Table 6 Parameter estimation and goodness-of-fir measures for second data.
Table 7 MLE and Bayesian estimation of DMOLBED parameters for Coronavirus in Pakistan data.
Figure 10
figure 10

The estimated CDFs for the death due to coronavirus in Pakistan.

Figure 11
figure 11

The P–P plots for the death due to coronavirus in Pakistan.

Figure 12
figure 12

Existence for the log-likelihood of DMOLBED parameters for Coronavirus in Pakistan data.

Figure 13
figure 13

MCMC plots of convergence for parameter estimates of DMOLBED parameters for Coronavirus in Pakistan data.

Conclusion

The DMOLBE distribution, a novel two-parameter discrete probability distribution that may be utilised in place of well-known distributions, is introduced in this study. Its mathematical characteristics are provided in some cases. The maximum likelihood and Bayesian estimation methods are used to estimate the distribution's parameters. The MCMC method is applied by the MH algorithm to produce the Bayesian estimation method. To evaluate the performance of unidentified parameters based on AB and MSE, simulation research is conducted. MLE and Bayesian estimate methods for the performance parameter of the DMOLBE distribution were compared through simulation. We came to the conclusion that the Bayesian estimation approach is superior for estimating DMOLBE distribution parameter. The flexibility of the model is proved by using two real data sets and is compared with different existing models and the proposed model perform better among other models.

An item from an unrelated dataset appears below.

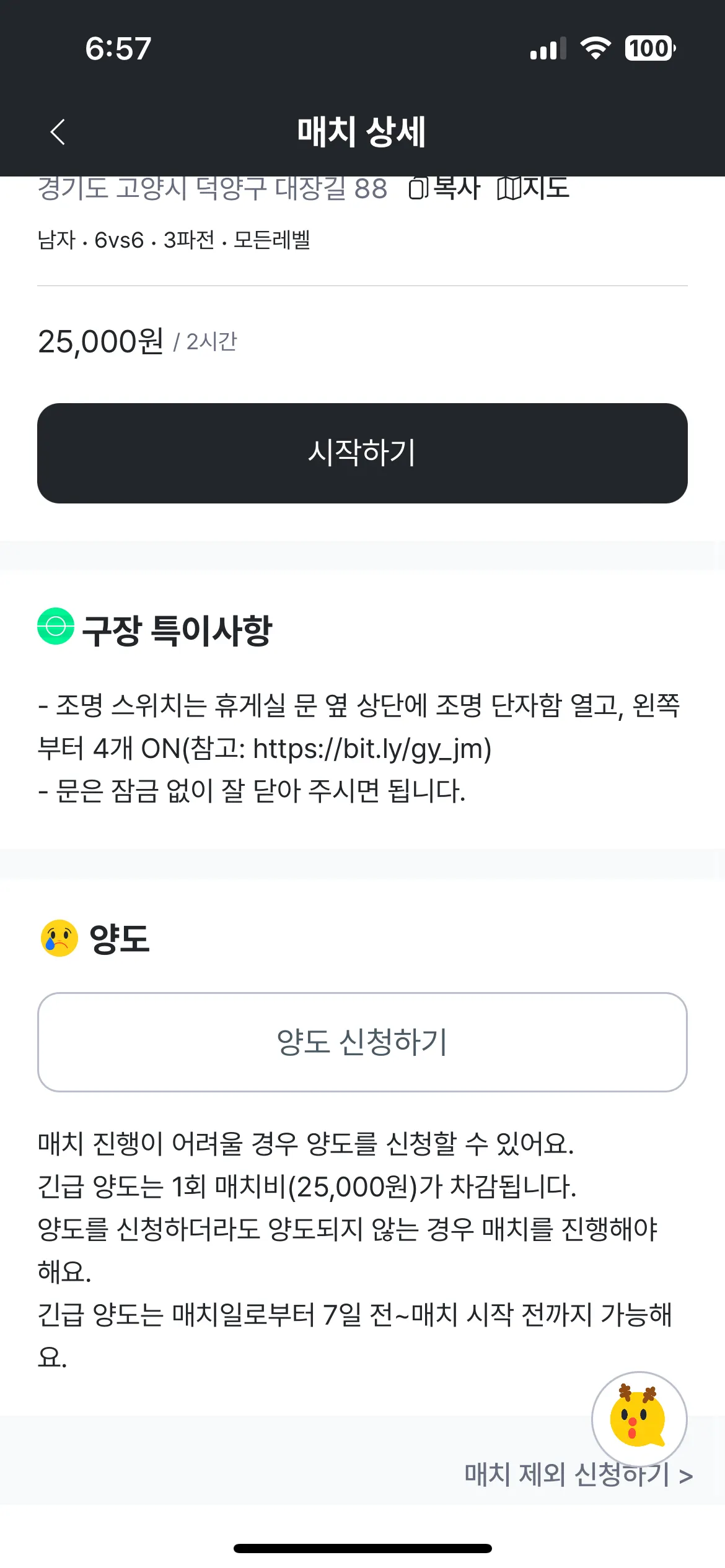 긴급 양도 완료된 매치가 취소되면 1회 매치비는 차감되지 않아요.

Further the estimation of the proposed model can be performed using transforms. We will make future work as extension for this study, we will make a regression analysis to predict the future mortality rates in many countries under considerations.

Future work

Future work in statistical analysis for COVID-19 data holds great potential in advancing our understanding of the pandemic and informing evidence-based decision-making. One key area of focus is the integration of more comprehensive and diverse datasets, including demographic, socioeconomic, and healthcare variables, to explore the multifaceted aspects of COVID-19's impact on different populations. Advanced machine learning techniques can be applied to identify complex relationships and risk factors associated with the spread, severity, and outcomes of the virus. Furthermore, predictive modeling can be enhanced by incorporating real-time data streams and dynamic factors to provide more accurate and timely forecasts, aiding in proactive planning and resource allocation. Longitudinal studies analyzing the long-term effects of the pandemic and assessing the efficacy of interventions over time will provide valuable insights into the sustainability of public health measures. Additionally, ethical considerations and privacy-preserving methodologies should be integrated into future analyses to ensure data security and protect individuals' rights. Overall, future work in statistical analysis for COVID-19 data will continue to play a pivotal role in guiding public health policies, bolstering preparedness for future outbreaks, and ultimately safeguarding global health.